§ The data
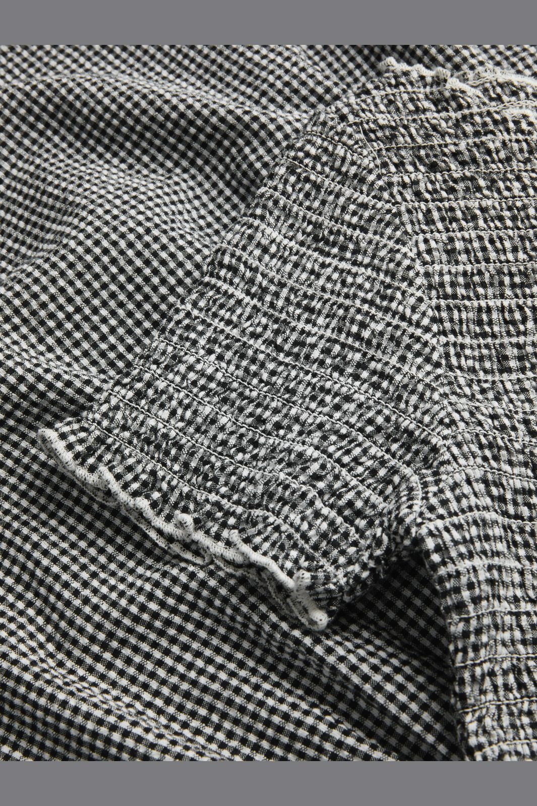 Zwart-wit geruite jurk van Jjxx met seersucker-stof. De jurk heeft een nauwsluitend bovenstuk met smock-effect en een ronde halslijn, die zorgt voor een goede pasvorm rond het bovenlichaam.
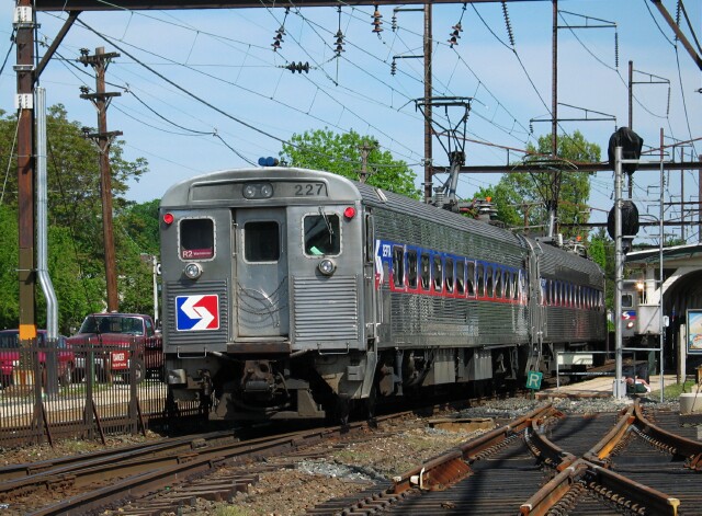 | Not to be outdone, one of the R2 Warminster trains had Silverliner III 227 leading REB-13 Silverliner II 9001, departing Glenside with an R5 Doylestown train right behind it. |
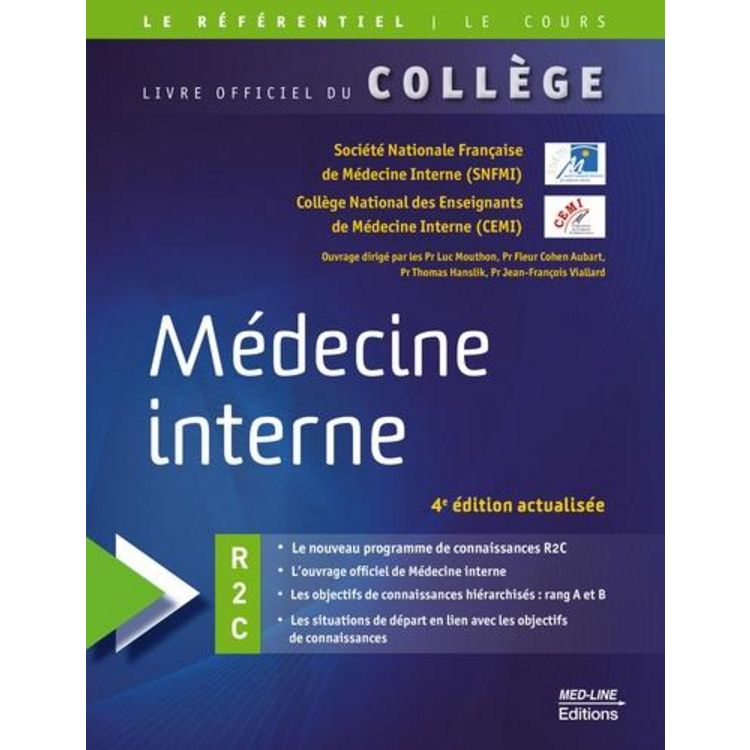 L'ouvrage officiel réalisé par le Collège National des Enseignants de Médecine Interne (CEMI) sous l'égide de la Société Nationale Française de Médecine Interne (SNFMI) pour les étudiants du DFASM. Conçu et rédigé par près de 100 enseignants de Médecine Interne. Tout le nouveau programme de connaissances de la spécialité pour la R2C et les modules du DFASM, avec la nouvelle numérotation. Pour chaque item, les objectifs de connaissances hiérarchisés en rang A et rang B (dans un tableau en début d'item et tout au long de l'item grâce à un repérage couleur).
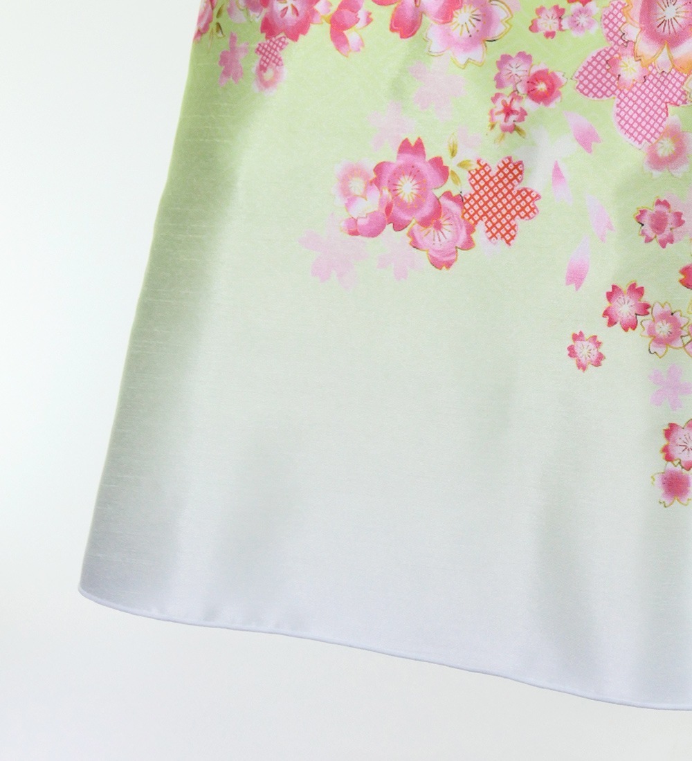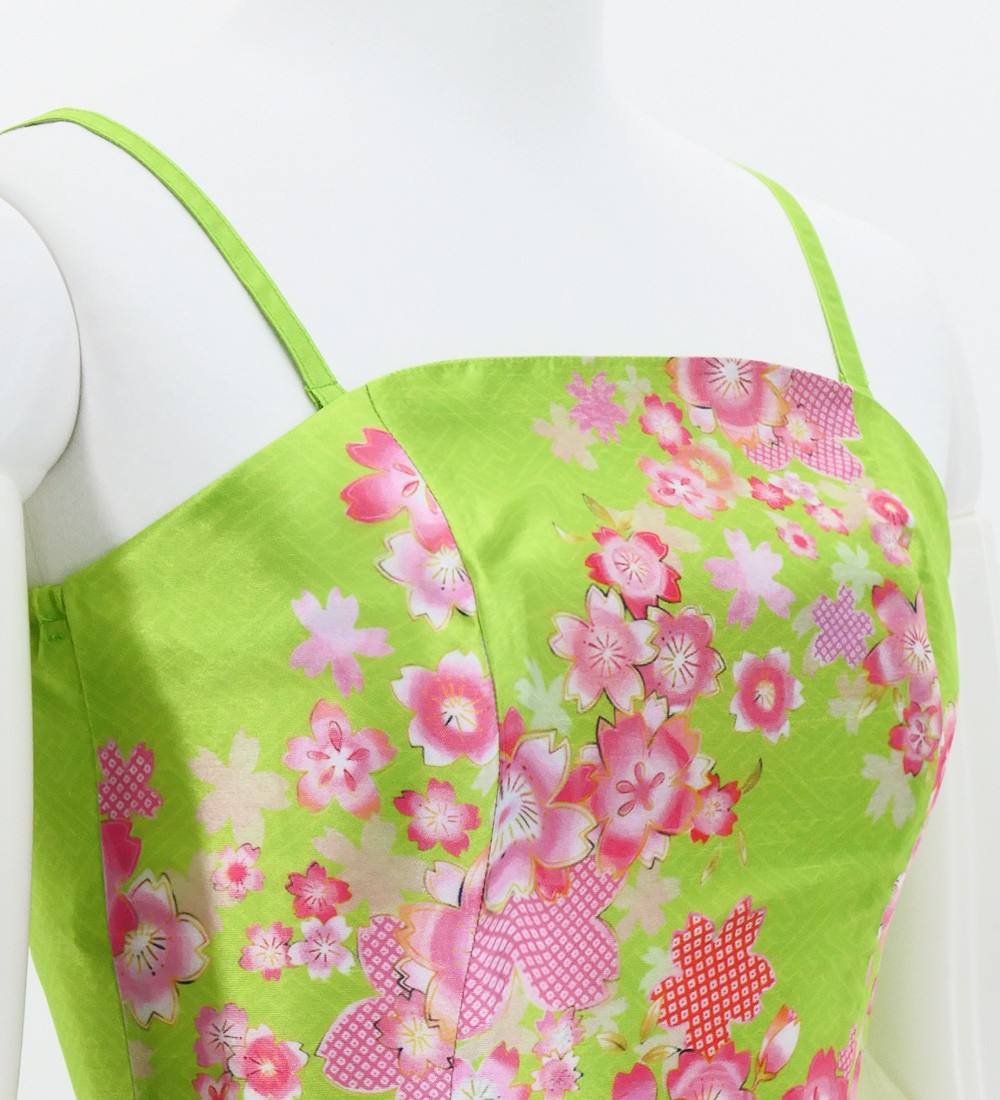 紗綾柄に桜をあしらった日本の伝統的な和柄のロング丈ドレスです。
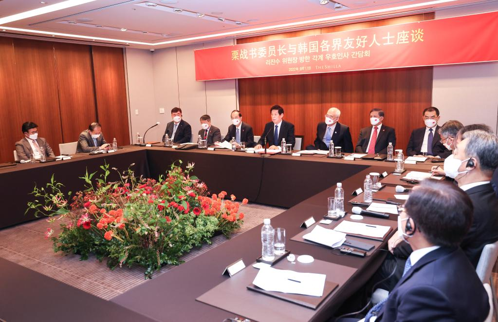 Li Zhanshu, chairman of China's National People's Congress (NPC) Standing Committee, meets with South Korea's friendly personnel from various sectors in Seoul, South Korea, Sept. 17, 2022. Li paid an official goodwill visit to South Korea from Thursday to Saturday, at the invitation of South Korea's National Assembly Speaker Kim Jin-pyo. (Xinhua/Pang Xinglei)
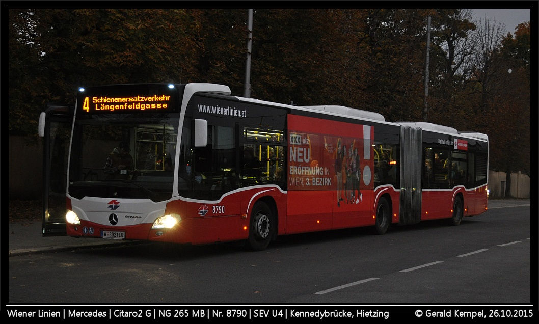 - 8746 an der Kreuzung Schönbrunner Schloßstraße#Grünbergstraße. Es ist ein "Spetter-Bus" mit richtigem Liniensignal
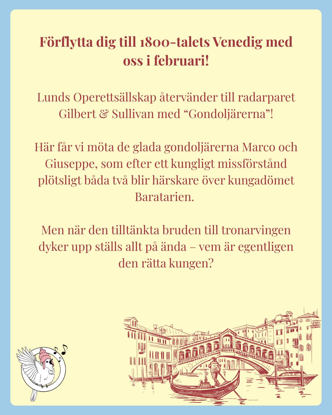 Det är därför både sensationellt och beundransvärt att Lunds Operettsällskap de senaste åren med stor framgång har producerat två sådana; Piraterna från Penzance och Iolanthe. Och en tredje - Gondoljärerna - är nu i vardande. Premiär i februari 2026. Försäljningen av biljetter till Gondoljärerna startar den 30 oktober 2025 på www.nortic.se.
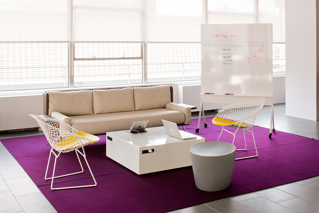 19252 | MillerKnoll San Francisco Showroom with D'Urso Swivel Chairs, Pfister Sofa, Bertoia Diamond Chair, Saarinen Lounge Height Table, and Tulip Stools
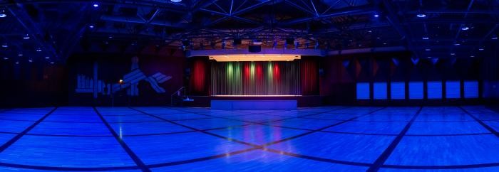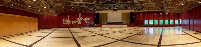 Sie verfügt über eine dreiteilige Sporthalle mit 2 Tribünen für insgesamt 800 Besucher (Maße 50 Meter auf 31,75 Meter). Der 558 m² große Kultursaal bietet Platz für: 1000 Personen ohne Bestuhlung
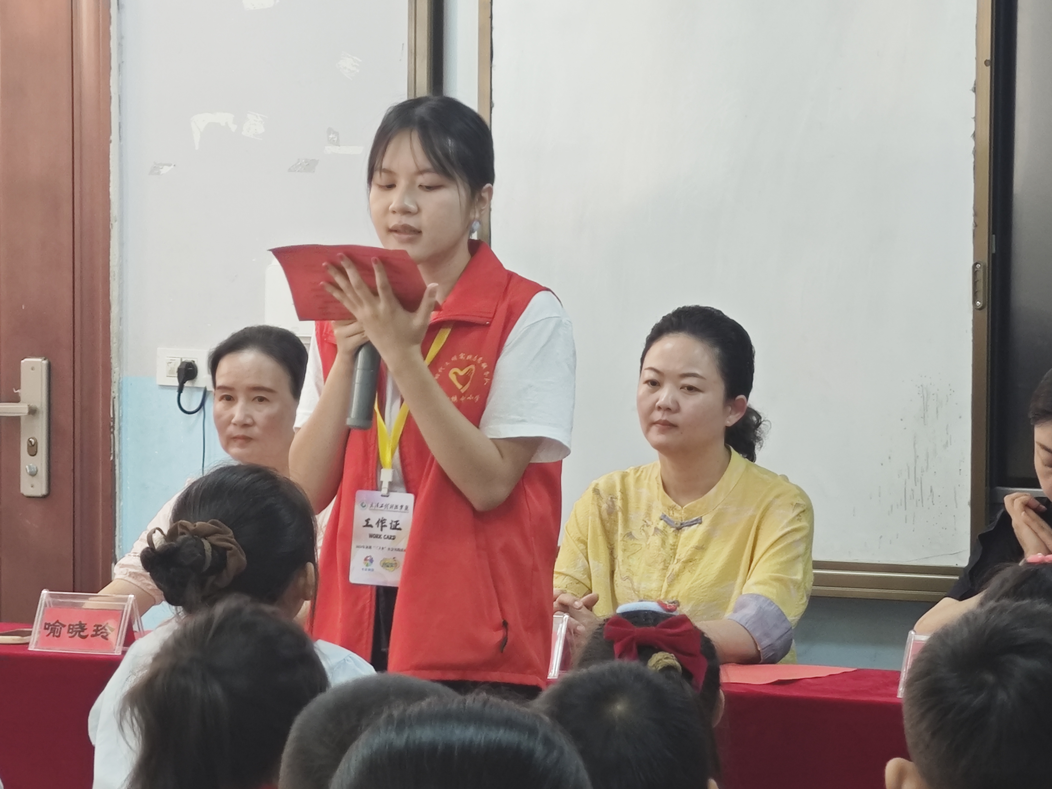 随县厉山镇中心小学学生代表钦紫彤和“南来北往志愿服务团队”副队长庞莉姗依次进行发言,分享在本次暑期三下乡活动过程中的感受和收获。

§ Action item
None of the pictures should appear; the rest of the entries must be reproduced exactly.

§ Result of this exercise
 Zwart-wit geruite jurk van Jjxx met seersucker-stof. De jurk heeft een nauwsluitend bovenstuk met smock-effect en een ronde halslijn, die zorgt voor een goede pasvorm rond het bovenlichaam.
 | Not to be outdone, one of the R2 Warminster trains had Silverliner III 227 leading REB-13 Silverliner II 9001, departing Glenside with an R5 Doylestown train right behind it. |
 L'ouvrage officiel réalisé par le Collège National des Enseignants de Médecine Interne (CEMI) sous l'égide de la Société Nationale Française de Médecine Interne (SNFMI) pour les étudiants du DFASM. Conçu et rédigé par près de 100 enseignants de Médecine Interne. Tout le nouveau programme de connaissances de la spécialité pour la R2C et les modules du DFASM, avec la nouvelle numérotation. Pour chaque item, les objectifs de connaissances hiérarchisés en rang A et rang B (dans un tableau en début d'item et tout au long de l'item grâce à un repérage couleur).
 紗綾柄に桜をあしらった日本の伝統的な和柄のロング丈ドレスです。
 Li Zhanshu, chairman of China's National People's Congress (NPC) Standing Committee, meets with South Korea's friendly personnel from various sectors in Seoul, South Korea, Sept. 17, 2022. Li paid an official goodwill visit to South Korea from Thursday to Saturday, at the invitation of South Korea's National Assembly Speaker Kim Jin-pyo. (Xinhua/Pang Xinglei)
 - 8746 an der Kreuzung Schönbrunner Schloßstraße#Grünbergstraße. Es ist ein "Spetter-Bus" mit richtigem Liniensignal
 Det är därför både sensationellt och beundransvärt att Lunds Operettsällskap de senaste åren med stor framgång har producerat två sådana; Piraterna från Penzance och Iolanthe. Och en tredje - Gondoljärerna - är nu i vardande. Premiär i februari 2026. Försäljningen av biljetter till Gondoljärerna startar den 30 oktober 2025 på www.nortic.se.
 19252 | MillerKnoll San Francisco Showroom with D'Urso Swivel Chairs, Pfister Sofa, Bertoia Diamond Chair, Saarinen Lounge Height Table, and Tulip Stools
 Sie verfügt über eine dreiteilige Sporthalle mit 2 Tribünen für insgesamt 800 Besucher (Maße 50 Meter auf 31,75 Meter). Der 558 m² große Kultursaal bietet Platz für: 1000 Personen ohne Bestuhlung
 随县厉山镇中心小学学生代表钦紫彤和“南来北往志愿服务团队”副队长庞莉姗依次进行发言,分享在本次暑期三下乡活动过程中的感受和收获。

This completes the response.